일촌(一寸) viene de 촌(寸) que es el grado de consanguinidad. Luego 삼촌(三寸) es tió, porque ha tres 촌s(mi - papá - tió). Y 사촌(四寸) es primo, porque ha cuatro 촌s(mi - papá - tió - primo). Pero el Cyworld utiliza la palabra de otra manera : 촌 no es el grado de parentesco pero el grado de "amistad" ; 일촌 es los amigos los más intimos, 이촌 es los segundos, et cetera. No por eso puedes oir la palabra 일촌 o 이촌 al mundo real!


----------



## rumistar

wide12 said:


> As in 관심일촌 ? What does it means?
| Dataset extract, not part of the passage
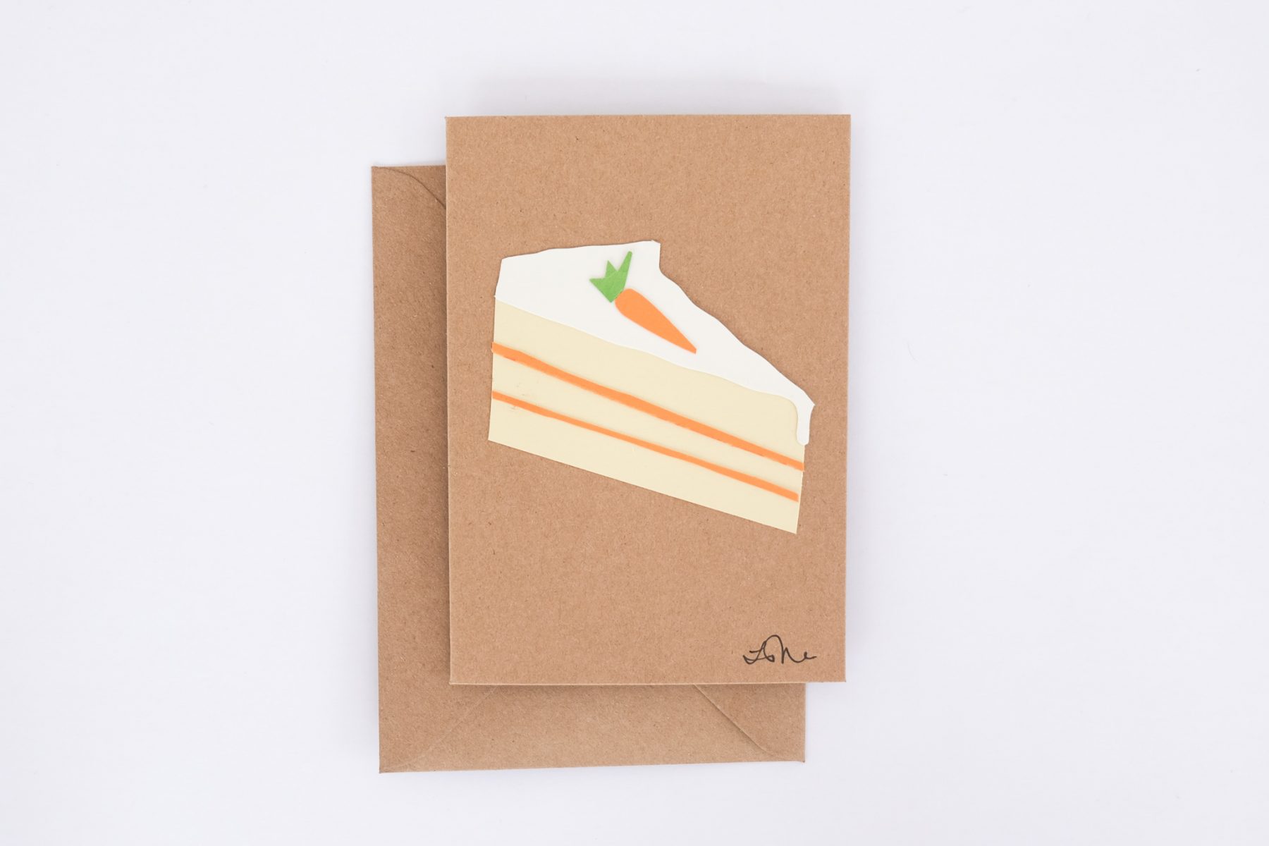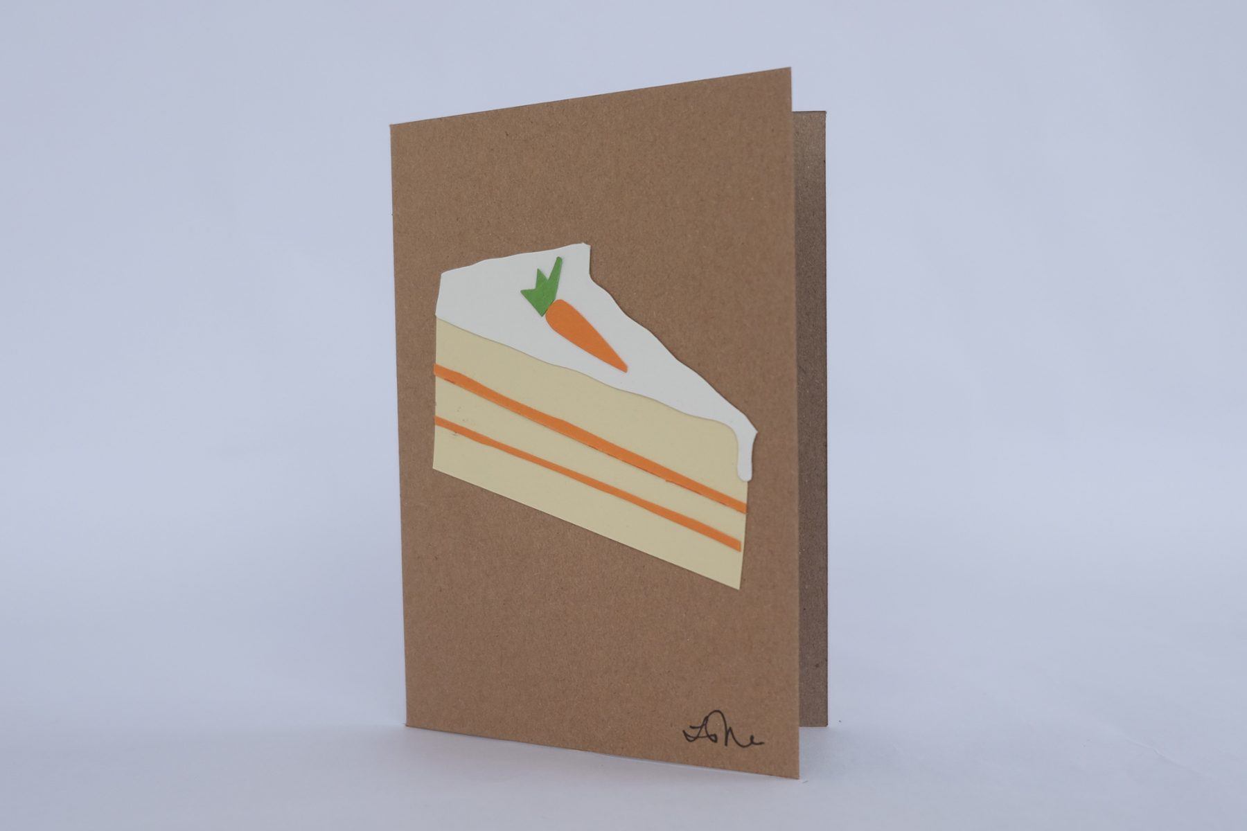 Handmade greetings card. A6 paper size and blank inside for you to write your own personal message. The Carrot Cake card is perfect for birthdays!

I have been trying to look up the meaning of that word, but I haven't found much.



That word "관심일촌" is especially used on Cyworld.
As for Cyworld, I'd like to say it is similar to Facebook or Twitter.
It is a famous website. Many Koreans use it.
They upload their pictures on it and send messages to their friends by the website.

Actullay "일촌" this team is related to a relationship.
A father(or mother)-son(or daughter) relationship is "일촌(1촌)" in Korean.
But nowadays "일촌" also means the person who I like or want to get closer to.
Many young Koreans call their friends "일촌"─especially on Cyworld.
So when Koreans call their friends "일촌", it has metaphorical meaning. 
and 관심 means "interest"
*So I'd lke to define 관심일촌 as someone who I am intersted in.*


----------



## wide12

Yes, I do know cyworld, thats where I saw this word , which was everywhere in the settings page of my cyworld. Thanks you two for your clear explanation


----------



## jooney

"일촌맺다" basically means "friend" as a verb.  It's like saying, "I friended someone on Facebook."  Once your friend request is accepted, you are able to view their personal profile, pictures etc.  Those are the privileges "일촌" gets.


----------